Reference no: EM133064538
Question - Ceres Corporation is considering making a significant long-term investment in Pisces Ltd., a young and very promising company. Ceres decides to make a smaller investment first, and if Pisces turns out to be successful, Ceres intends to make an additional investment to reach significant influence. Pisces has 200,000 shares authorized, 110,000 shares issued and outstanding.
On January 1, 2019, Pisces issues Ceres 10,000 shares for $400,000 in cash (so now there are 120,000 shares issued).
Additional information:
1. On November 1, 2019, Pisces declares a total cash dividend of $180,000.

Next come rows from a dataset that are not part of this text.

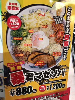 しかもアオリの方は"まぜそば"なのに品名の方は”マゼソバ”と無駄に言い換えている。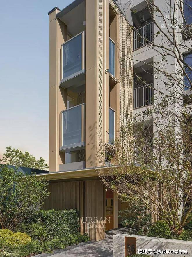 浅香槟金铝板点缀横向金属线条,搭配更多的玻璃窗面和玻璃栏板,在阳光下呈银灰光泽,夕阳映照下更加漂亮。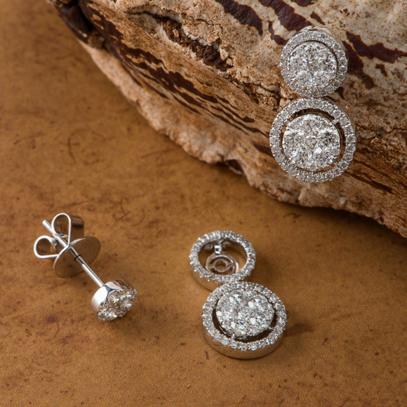 4ct Round Cut Diamond Halo Dual Use Women Stud Earrings 14k White Gold Finish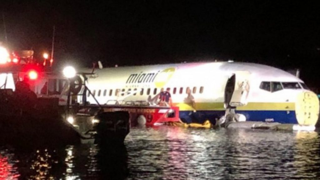 La aeronave, un Boeing 737, se deslizó fuera de la pista hacia el río Sain Johns cerca del aeropuerto naval de Jacksonville, Florida, a las 21.40 (18 hora argentina), cuando se disponía a aterrizar, informó la oficina del sherif del condado.

2. Pisces reports $225,000 net income for 2019. Its stock price on December 31, 2019 is $38.
3. On November 1, 2019, Pisces announces a total dividend of $270,000 to be paid on January 2, 2020.
4. Pisces reports $360,000 net income for 2020 Its stock price on December 31, 2020 is $44.
5. On March 15, 2021, Ceres is approached by an investment fund which offers to buy all their Pisces shares for $55 per share, a 25% premium over the current stock price of $44. Ceres accepts the offer and sells the shares on that day.
Required - Assuming Ceres uses the fair value through net income model (FV-NI) to account for this investment:
a) Prepare the journal entries in Ceres's books for the 2019 calendar year.
b) Prepare the journal entries in Ceres's books for the 2020 calendar year.
c) Prepare the journal entries in Ceres's books for the 2021 calendar year.